Diversification also meant getting into the public works arena, which, he notes, many people don't realize takes a different skill set from home-building. Private developers typically work with contractors they feel are qualified to construct their projects, while public works projects are open to any entity demonstrating it can do the work.
The multitude of regulatory agencies makes the public arena a special challenge to engineering ingenuity. Conflicts often arise among the various agencies, but each is bound to pursue its own goals. "Each regulatory agency has its own agenda," observes Bellecci. "As engineers, we have to figure out how to satisfy them all."
The ability to understand the real goal of the project is the key to that satisfaction, and in Bellecci's view it is also one of the firm's special strengths. "In the public area, engineers have to implement the solutions the scientists come up with," he explains. "We deal with a lot of different specialty engineering aspects-traffic, water supply, drainage, grading issues - which have a lot of specific requirements. Much of our job revolves around figuring out how to devise a solution that substantially resolves everyone's issues. To do that, we sit down with our clients and the regulatory entities to understand the real goal of their requirements, and then we design to that goal. Our answer may not follow precisely the stated approach to the goal, but we carry the ball across the goal line."
With the appropriate staff in place, Bellecci has been able to navigate his firm through the changing tides of the past decade. Its headquarters in Concord has 19 employees. The Hacienda office, at 4695 Chabot Drive, which Leary opened in 1999, now boasts a staff of nine.

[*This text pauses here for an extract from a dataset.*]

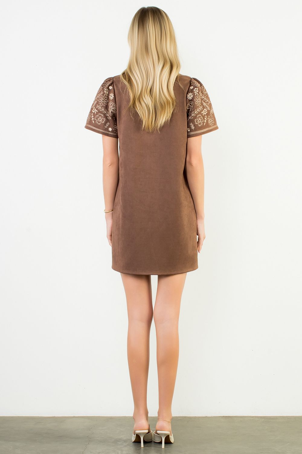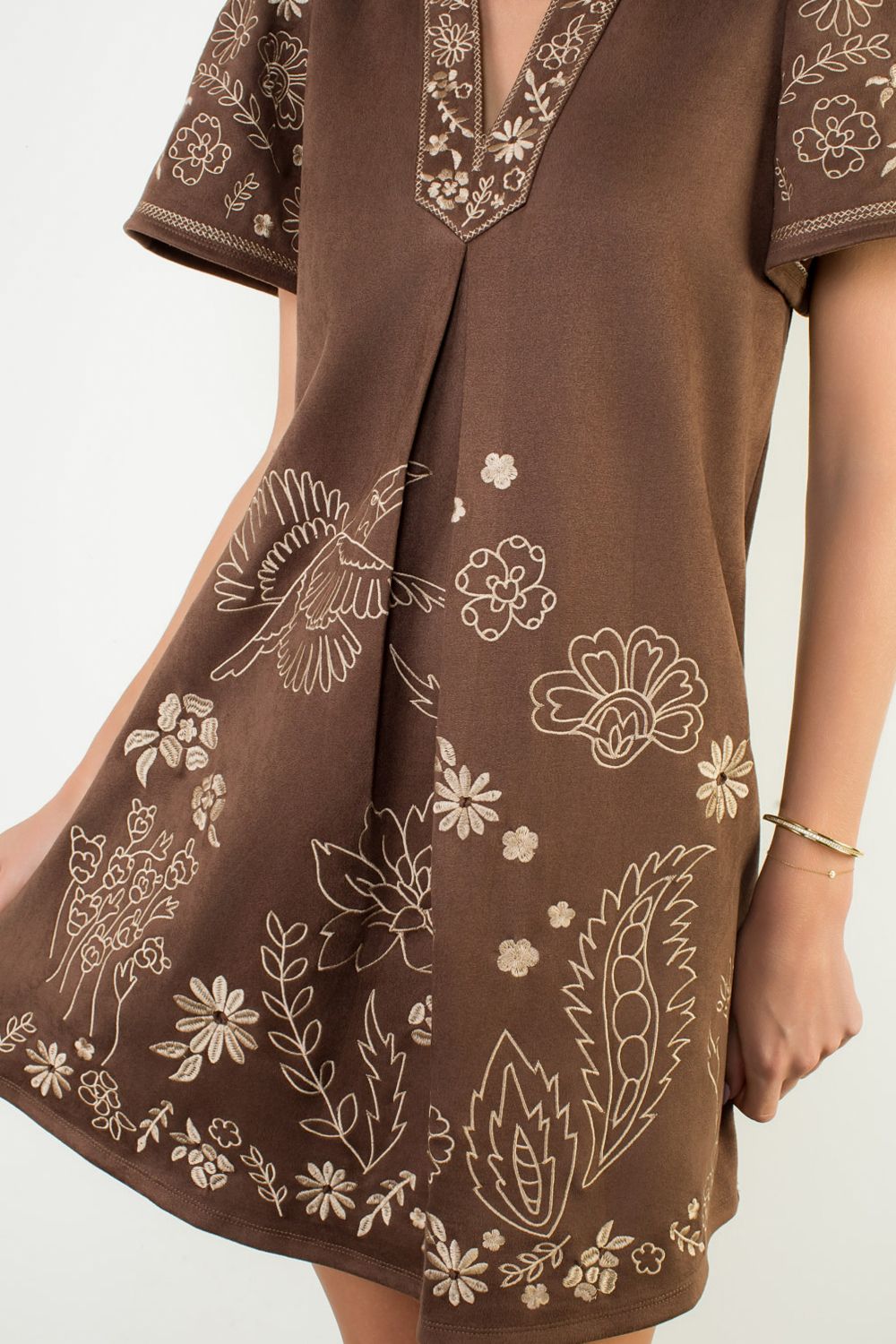 This brown suede look dress features beautiful embroidery details . It is a must have!93% Polyester, 7% Spandex
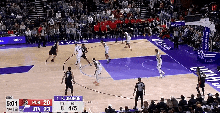 NBA季前赛,爵士对阵开拓者的比赛正在进行中。

Bellecci's days are generally divided among three different activities: managing projects, marketing and proposing for new work, and managing the overall business, including finances. The firm is active in most of the Bay Area's nine counties, along with Sacramento and San Joaquin counties. UC Berkeley, UC Merced, the Alameda Housing Authority, and the San Jose Redevelopment Agency figure among current public works clients. "We do a lot of different types of projects, more than other firms of our size. I enjoy the diversity," Bellecci comments.
While home-building has slowed to a trickle - and will remain that way, he opines, "until home prices stabilize" - he sees good news in the proposals for public works projects as part of a second economic stimulus package. "If the projects aren't enormous, they won't take too long to get started, and people will be back at work, driving cars, buying boots and gloves, and so on. Then the cycle begins again," he says. But he is not willing to predict how long it will take. "There are still developers out there with large holdings," he remarks. "They haven't stopped work completely, but they have slowed the pace. At some point home-building will come back. It's just a question of whose crystal ball is clearest."
With the family heritage of resilience and his own foresight in pursuing diversification, Bellecci will undoubtedly continue to steer the firm on a steady course.